## Prompt
Exact copy, no pictures: every line from the one that contains "(336,06 μg/g de" through the end of the data below, and nothing else.

Data entries
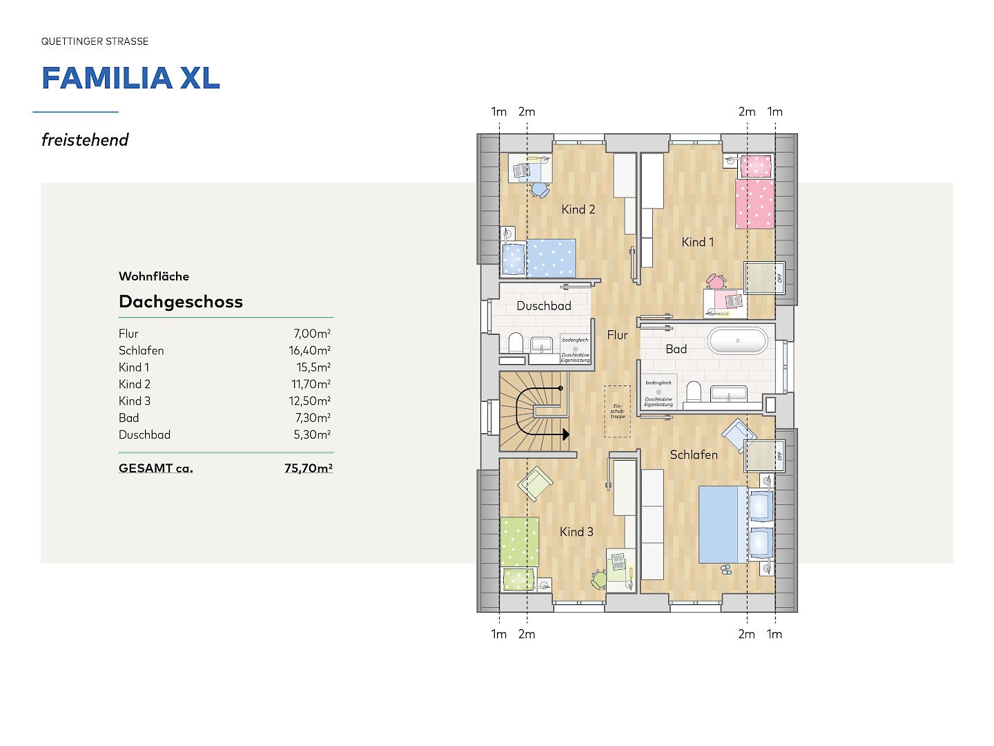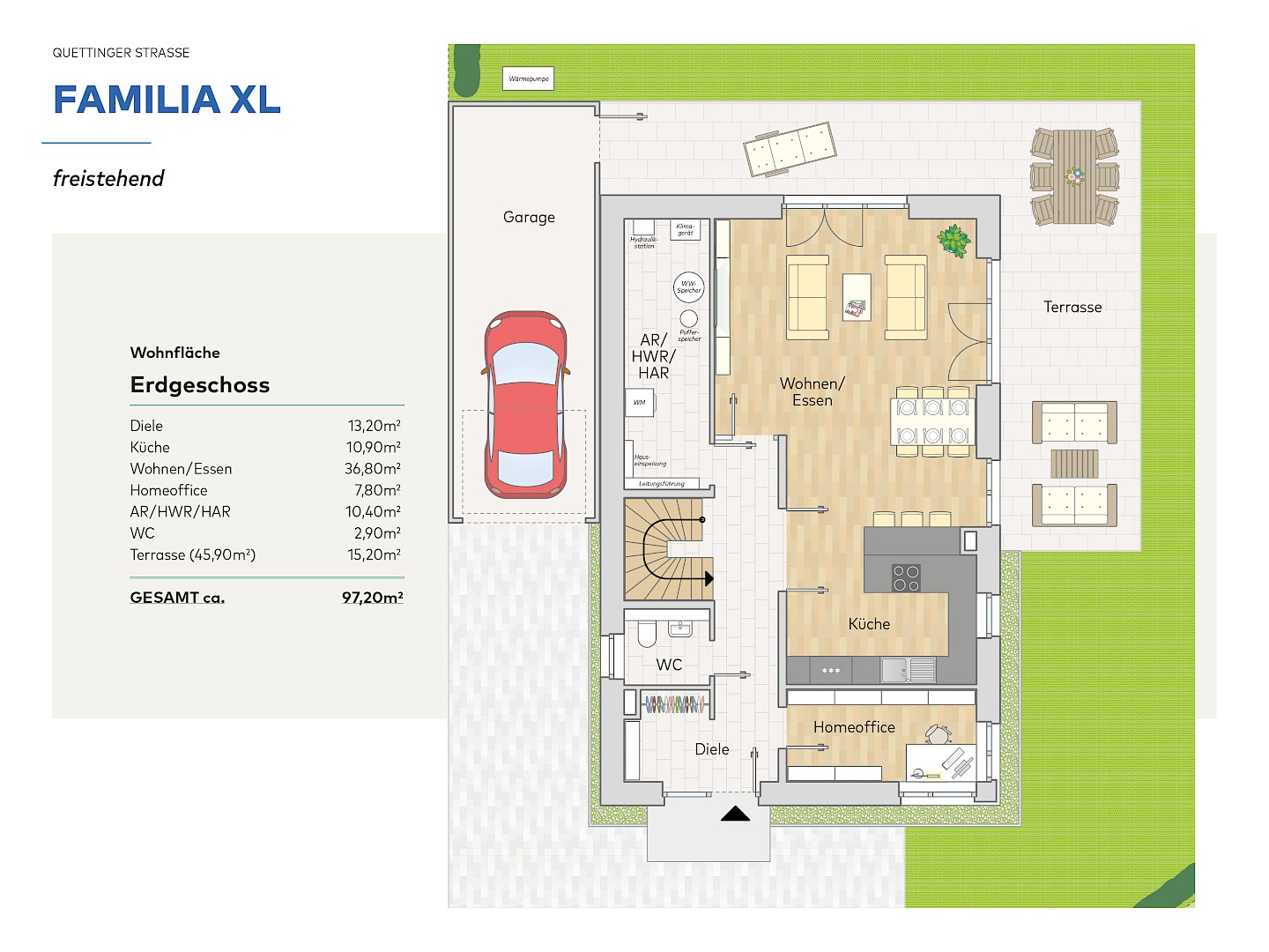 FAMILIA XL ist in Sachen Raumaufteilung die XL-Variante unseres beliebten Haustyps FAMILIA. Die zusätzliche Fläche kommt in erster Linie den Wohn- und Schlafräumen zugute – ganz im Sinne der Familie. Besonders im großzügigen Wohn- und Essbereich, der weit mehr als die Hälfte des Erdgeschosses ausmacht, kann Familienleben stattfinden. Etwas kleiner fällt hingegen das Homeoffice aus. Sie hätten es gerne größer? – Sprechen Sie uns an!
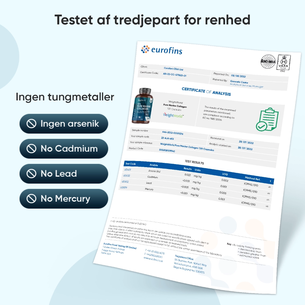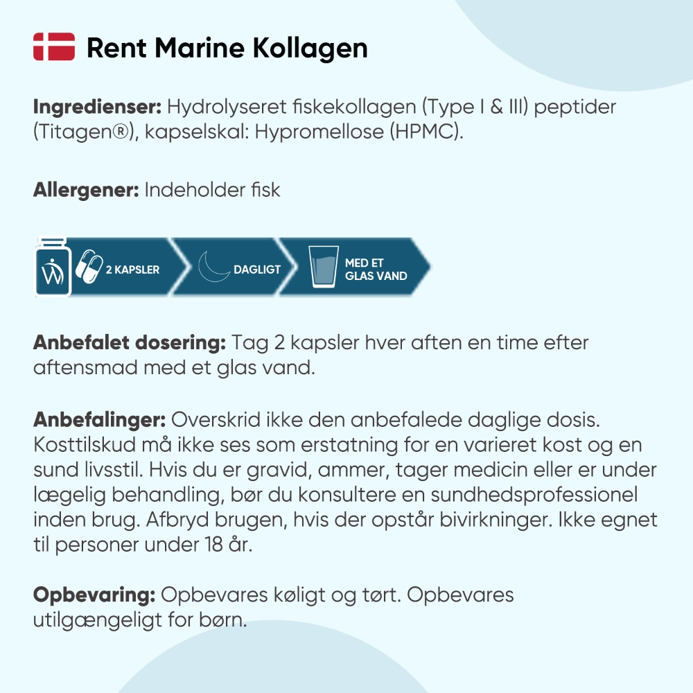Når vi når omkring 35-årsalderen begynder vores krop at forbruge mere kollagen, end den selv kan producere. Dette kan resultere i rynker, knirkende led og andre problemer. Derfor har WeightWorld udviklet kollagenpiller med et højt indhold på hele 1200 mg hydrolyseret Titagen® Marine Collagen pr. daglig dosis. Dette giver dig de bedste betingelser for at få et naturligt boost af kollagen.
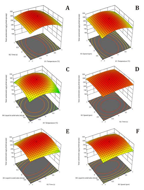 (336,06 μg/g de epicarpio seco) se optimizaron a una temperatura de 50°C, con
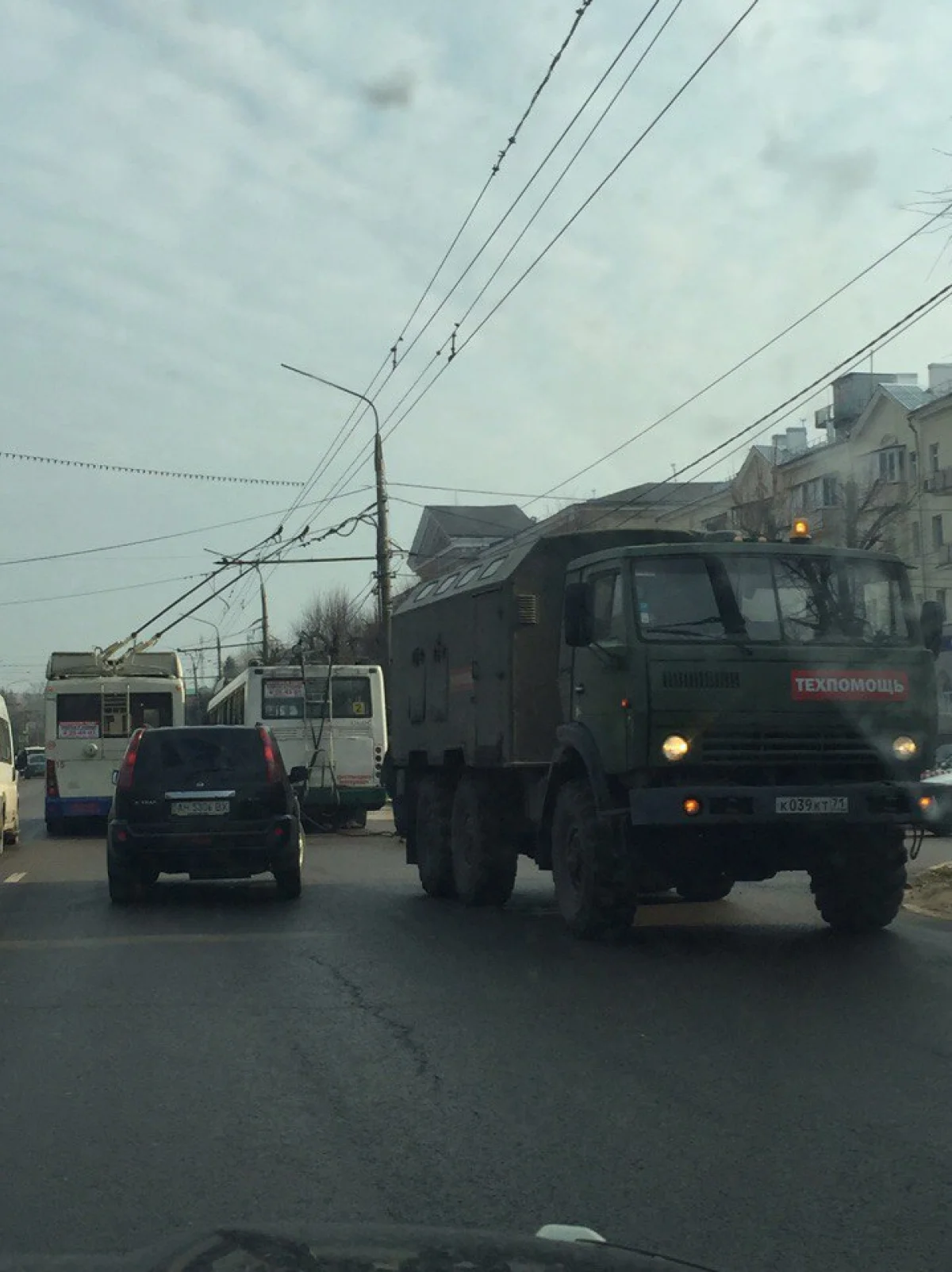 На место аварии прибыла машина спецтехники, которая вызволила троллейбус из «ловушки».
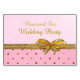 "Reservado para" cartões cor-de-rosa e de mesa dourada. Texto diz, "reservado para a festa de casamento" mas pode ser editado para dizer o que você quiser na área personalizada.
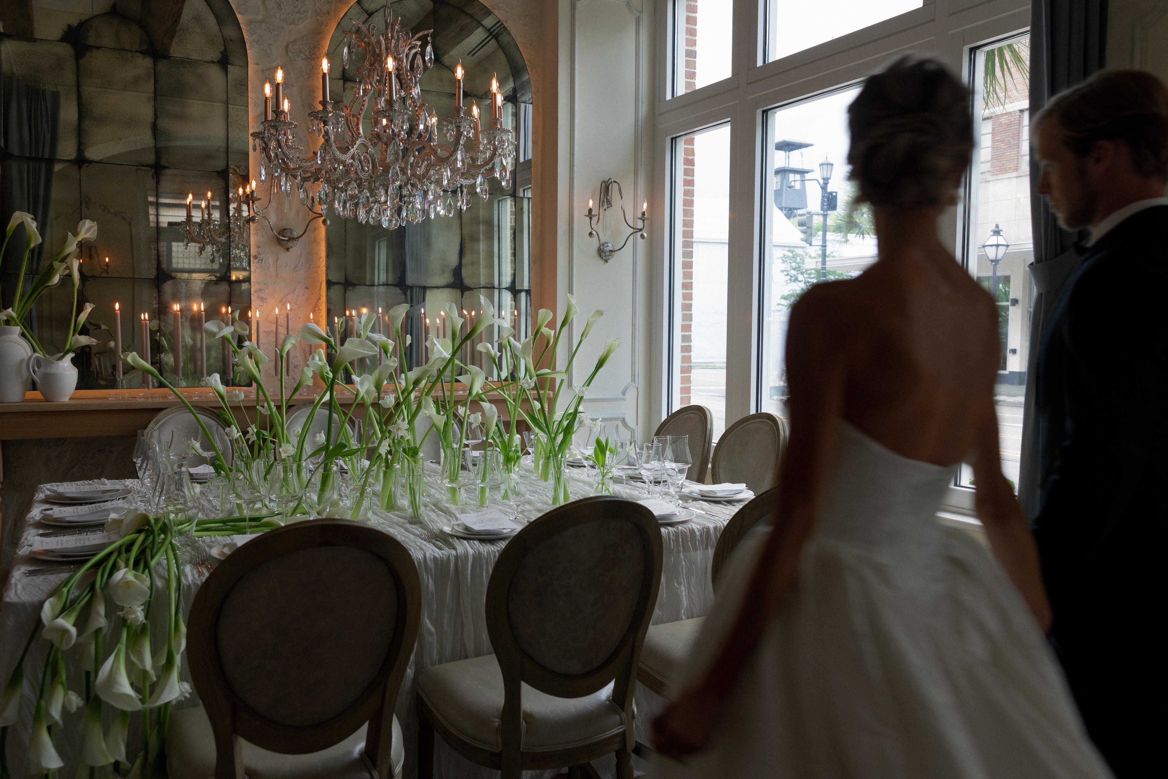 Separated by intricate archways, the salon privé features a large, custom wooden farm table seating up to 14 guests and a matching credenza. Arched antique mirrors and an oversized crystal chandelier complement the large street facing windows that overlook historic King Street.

## Exercise result
 (336,06 μg/g de epicarpio seco) se optimizaron a una temperatura de 50°C, con
 На место аварии прибыла машина спецтехники, которая вызволила троллейбус из «ловушки».
 "Reservado para" cartões cor-de-rosa e de mesa dourada. Texto diz, "reservado para a festa de casamento" mas pode ser editado para dizer o que você quiser na área personalizada.
 Separated by intricate archways, the salon privé features a large, custom wooden farm table seating up to 14 guests and a matching credenza. Arched antique mirrors and an oversized crystal chandelier complement the large street facing windows that overlook historic King Street.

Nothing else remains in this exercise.